« On vit une course infernale à la rentabilité »
Après avoir publié en 2006, sous pseudonyme, Journal d’un médecin du travail, Marielle Dumortier, qui assure une consultation de souffrance au travail au centre hospitalier intercommunal de Créteil, tire de nouveau la sonnette d’alarme dans Le monde du travail est devenu fou ! alors qu’une nouvelle période de confinement commence.
Quels effets de la crise sanitaire sur les conditions de travail avez-vous observés ?
Marielle Dumortier : Le grand changement a été l’arrivée massive du télétravail, qui permet de ne pas prendre les transports, de se concentrer sans être dérangé, etc. J’ai vu des gens travailler dans des conditions matérielles déplorables : sur la table à repasser, sur le lit, en équilibre, pour laisser le salon au conjoint. J’ai vu des managers déstabilisés qui, pour être sûrs que les gens étaient à leur poste, ont multiplié les réunions. J’ai vu aussi des entreprises qui ne voulaient pas entendre parler de télétravail se convertir pour économiser des mètres carrés.
J’ai peur parce que nous sommes tellement rattrapés par la crise sanitaire que la réflexion sur le travail n’a pas lieu. Tous les jours, des DRH m’appellent parce qu’il y a des cas contacts ou de Covid-19 dans l’entreprise. Or il va falloir que salariés et employeurs définissent quelles tâches peuvent se faire en télétravail. Et comment faire en sorte que l’activité professionnelle n’entre pas dans la vie privée et reste bien cantonné dans un endroit de la maison sans tout envahir. C’est l’un des risques.
De la même manière, il faut informer les salariés qu’ils n’ont pas à donner d’informations sur leur santé à l’employeur. Une DRH s’est plainte l’autre jour qu’une salariée ne lui avait pas envoyé le résultat de son scanner, une autre voulait ceux des tests Covid, un autre encore a demandé aux personnes fragiles de se signaler… C’est effrayant, le secret médical est bafoué, même si ça part parfois d’un bon sentiment. Les salariés à risques doivent d’abord aller voir le médecin du travail. En même temps, le Covid est une maladie à déclaration obligatoire et, pour l’instant, tout le monde accepte ces cotes mal taillées pour le secret médical. Il ne faudrait pas que ça dure.
Comment avez-vous vu la situation évoluer en quinze ans chez vos patients ?
M.D. : Quand j’ai écrit mon premier livre en 2006, je pensais que ça irait mieux en 2020, que des leçons auraient été tirées des suicides et de la multiplication des risques psychosociaux. Ce n’est pas le cas. Je vois même la situation se dégrader. Dans les années 2000, les gens consultaient pour des problématiques de harcèlement moral, de maltraitance managériale. Les salariés pouvaient se sentir considérés comme des Kleenex, qu’on jetait quand on n’avait plus besoin d’eux.

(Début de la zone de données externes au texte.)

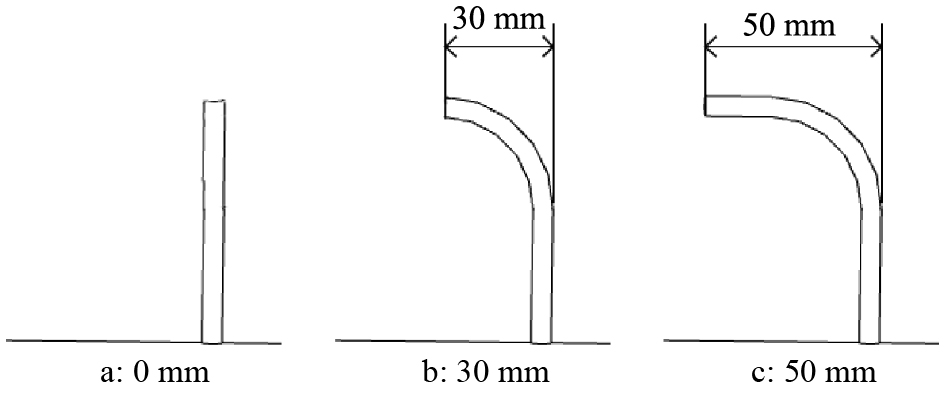 图 6 不同扶指宽度(0、30和50 mm)扶指形状示意图 Figure 6 Schematic diagrams of lifting fingers with various width(0, 30 and 50 mm) |

Aujourd’hui, je vois des entreprises qui font tout pour garder leurs salariés mais elles leur en demandent tellement qu’ils craquent. Les gens que je reçois sont dans l’épuisement. J’ai l’impression d’une densification du travail. Il faut faire plus à son poste et, en plus, se charger d’une partie de ce que fait le collègue malade ou celui parti à la retraite sans avoir été remplacé. Chacun hérite de tâches supplémentaires, sans formation, alors qu’il est déjà en tension.
C’est comme le Tour de France : chaque jour, il faut tout donner, si ce n’est qu’il n’y a pas de ligne d’arrivée. Avant, quand un projet se terminait, on disposait de temps pour l’analyse, revenir sur un échec, se préparer pour le prochain projet. On vit maintenant une course infernale à la rentabilité. Je reçois des dirigeants de grandes entreprises, qui eux-mêmes dépendent de décisions prises dans d’autres sphères. Ils ne sont décideurs de rien en fait. Je les vois pris dans des injonctions paradoxales. Baisser les effectifs est devenu la seule variable d’ajustement, tandis que, dans le même temps, il leur est demandé de rendre leurs salariés heureux. Il faut revenir à un peu de bon sens.
Et vous, comment vos conditions de travail ont-elles évolué ?
M.D. : Lorsque j’ai écrit mon premier livre, elles étaient difficiles car je mettais en visibilité les violences managériales, ce dont ne voulaient pas entendre parler les employeurs. Aujourd'hui, les entreprises sont sorties du déni. Aborder les risques psychosociaux est beaucoup plus facile. Il est possible de proposer des pistes de réflexion sans problème. En revanche, agir réellement sur les causes, c’est autre chose.